**Working data:**
== Segment start ==
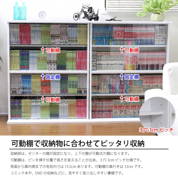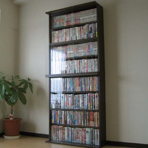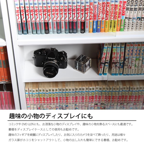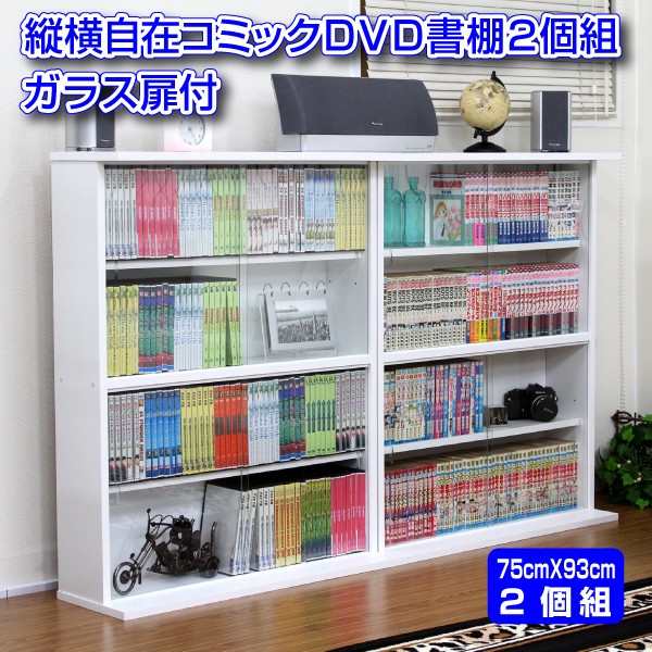 コミック収納 本棚 ガラス扉付き 書棚 ガラス扉付 ガラス扉 薄型 スリム 省スペース DVD収納 縦横ラック 2個組 日本製 ホワイト ダークブラウン
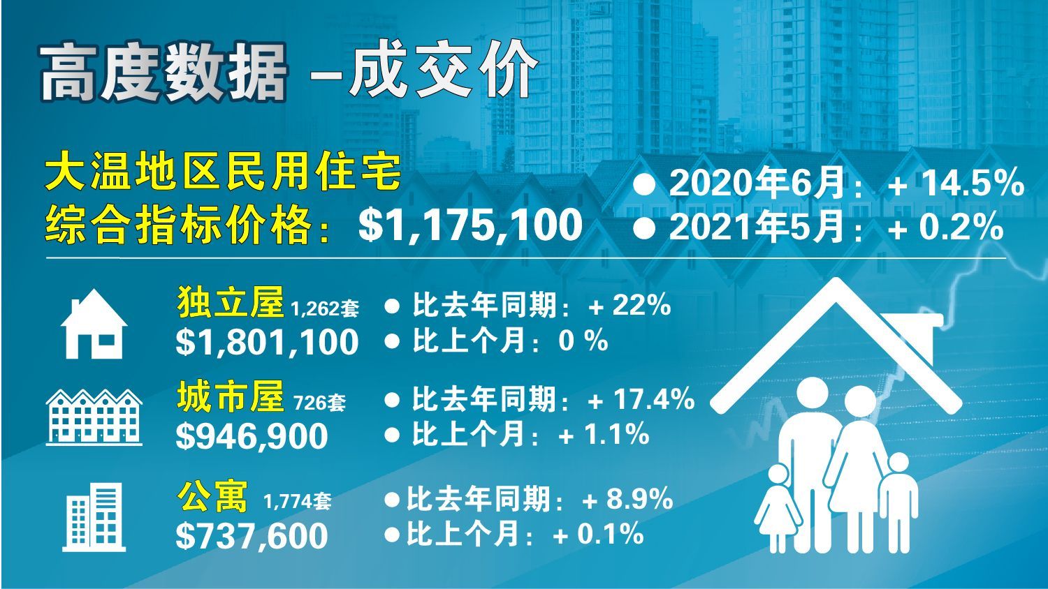 在以往16个月的疫情阶段,温哥华地区房地产市场的成交量从去年3月下旬的急剧下滑,到4月份的惨不忍睹,再到5、6、7、8月份的逐月大幅增加,尤其是9、10、11、12月份的大幅超越历史平均水平并创下历史新高,市场在从波谷向波峰急剧攀升,2021年年初开始,尤其在3、4、5月间,市场进入了几近疯狂的状态。在这样的一个背景下,各类房型的房价都在维持着持续上涨,尤其是独立屋和城市屋市场,一年多来价格一直在上升。6月份的市况有所趋缓,但依然处于极热的卖方市场。请看下列图表,观察过去12个月内各类指标价格的逐月变化:
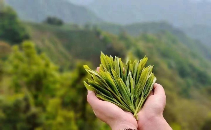 茶鲜叶,柿大叶种,谷雨前后长到20公分才采,不老不苦还很香甜
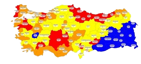 100 bin nüfusa düşen vaka sayısı başta olmak üzere çeşitli kriterlere göre illerimizi sınıflandırıldı. 81 vilayet renklere ayrıldı. Her hafta risk durumuna göre değerlendirilecek. Valiliklerimiz başkanlığındaki il hıfzıssıha kurulu yeni düzenlemelere girecek. İlleri mavi-sarı-turuncu-kırmızı diye sınıflandırıldı. Tedbirlerin sıkılaştırılması veya gevşetilmesi kararı iyileşme veya kötüleşme durumuna göre verilecek. - Her hafta risk durumuna göre illerin renkleri tespit edilecek. 2 Haftada bir normalleşme uygulaması güncellenecek. Mavi Düşük, Sarı Orta, Turuncu Riskli, Kırmızı çok riskli illeri temsil edecek. - Hafta sonu sokak kısıtlaması düşük ve orta riskli illerde kalkarken, yüksek ve çok yüksek riskli yerlerde devam edecek. - Akşam 21.00-Sabah 05.00 saatleri arasında kısıtlama devam edecek. - Kapalı işyerleri çok yüksek riskli iller dışında sabah 07.00-19.00 saatleri arasında yüzde 50 kapasite ile faaliyetlerini sürdürebilecek. - Kamunun çalışma saatleri tüm Türkiye'de normale döndürülecek. - Yüksek riskli illerde Sokağa çıkma saatleri sınırlı olan 65 yaş üstü ve 20 yaş altı vatandaşlarımızın kısıtlama saatleri genişletilecek. - Nikah ve merasim şeklindeki düğünler yüksek ve çok riskli bölgelerde 50 kişiyi geçmeden ve 1 saati aşmadan yapılabilecek. - 8. Ve 12. Sınıflarda tüm illerde yüz yüze eğitim edecek. Düşük ve orta riskteki illerde diğer kademelerde de eğitime başlanacak. Cumhurbaşkanlığı Kabine Toplantısı sonrasında alınan kararlar doğrultusunda her alanda olduğu gibi eğitim ve öğretimde de il bazlı olarak yerinde karar uygulamasına başlanılmıştır. Bu kapsamda, 2 Mart Salı günü itibariyle tüm okul öncesi eğitim kurumlarında, ilkokullarda, 8 ve 12. sınıflarda ülke genelinde yüz yüze eğitime başlanılacak. Düşük ve orta riskli olarak tanımlanan illerde tüm okul öncesi eğitim kurumlarında, ilkokullarda, ortaokullarda ve liselerde yüz yüze eğitim gerçekleştirilecektir. Düşük ve orta riskli olarak tanımlanan illerde yüz yüze eğitime; Okul öncesi eğitim kurumlarında tam zamanlı, İlkokullarda seyreltilmiş sınıflarda haftada iki (2) gün, Ortaokul 5, 6, 7. sınıflarda seyreltilmiş gruplar halinde haftada iki (2) gün, Ortaokul 8. sınıflarda seyreltilmiş gruplar halinde haftada 12-22 saat, Lise hazırlık, 9. 10. 11. sınıflarda seyreltilmiş gruplar halinde haftada iki (2) gün, Lise 12. sınıflarda seyreltilmiş gruplar halinde haftada 16-24 saat olacak şekilde yüz yüze eğitime başlanacaktır. Yüksek ve çok yüksek riskli olarak tanımlanan illerde yüz yüze eğitime; Okul öncesi eğitim kurumlarında tam zamanlı, İlkokullarda seyreltilmiş gruplar halinde haftada iki (2) gün, 8. sınıflarda seyreltilmiş gruplar halinde haftada 12-22 saat, 12. sınıflarda seyreltilmiş gruplar halinde haftada 16-24 saat olarak başlanacaktır. Özel gereksinimli öğrenciler için hizmet veren özel eğitim okul ve sınıfları ülke genelinde tam zamanlı olarak yüz yüze eğitime başlayacaktır. Yüz yüze eğitime başlayacak tüm okul kademeleri ve sınıf düzeylerinde eğitim 2 Mart Salı gününden itibaren başlayacaktır. Liselerdeki sınavlar 8 Mart Pazartesi gününden itibaren tüm illerimizde salgın tedbirleri çerçevesinde yüz yüze gerçekleştirilecektir. Köy ve seyrek nüfuslu yerleşim yerlerindeki eğitim kurumlarında mevcut kararlar uygulanmaya devam edecektir. Yüz yüze eğitim kapsamı dışındaki uygulamalarda uzaktan eğitime devam edilecektir. Yüz yüze eğitime katılım bütün illerde veli rızasına bağlı olarak gerçekleştirilecek.
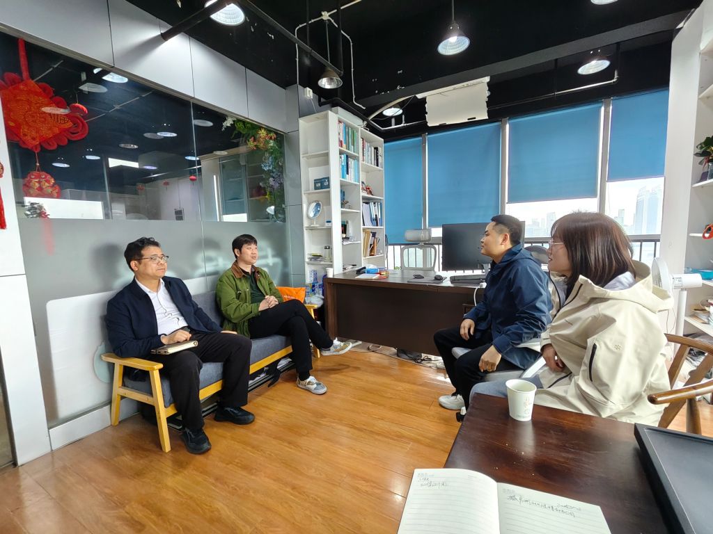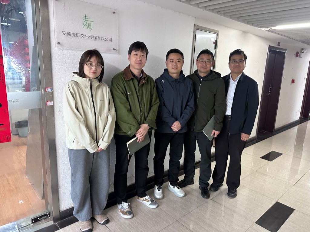 4月23日,艺术设计学院副院长陈代率队,与数字创意教研室主任蔡晓骝、骨干教师王栋臣及教学秘书倪漫一行,赴安徽麦町文化传媒有限公司开展“访企拓岗”专项调研。企业董事长肖强(我校校友)热情接待,双方围绕产教融合、人才共育等议题展开深度对话。
== Segment end ==
**Directions for this task:**
Every line between the start of the listing and the line containing "茶鲜叶,柿大叶种,谷雨前后长到20公分才采,不老不苦还很香甜", both ends counted, needs to be printed exactly, minus the pictures.

**Output of the task:**
 コミック収納 本棚 ガラス扉付き 書棚 ガラス扉付 ガラス扉 薄型 スリム 省スペース DVD収納 縦横ラック 2個組 日本製 ホワイト ダークブラウン
 在以往16个月的疫情阶段,温哥华地区房地产市场的成交量从去年3月下旬的急剧下滑,到4月份的惨不忍睹,再到5、6、7、8月份的逐月大幅增加,尤其是9、10、11、12月份的大幅超越历史平均水平并创下历史新高,市场在从波谷向波峰急剧攀升,2021年年初开始,尤其在3、4、5月间,市场进入了几近疯狂的状态。在这样的一个背景下,各类房型的房价都在维持着持续上涨,尤其是独立屋和城市屋市场,一年多来价格一直在上升。6月份的市况有所趋缓,但依然处于极热的卖方市场。请看下列图表,观察过去12个月内各类指标价格的逐月变化:
 茶鲜叶,柿大叶种,谷雨前后长到20公分才采,不老不苦还很香甜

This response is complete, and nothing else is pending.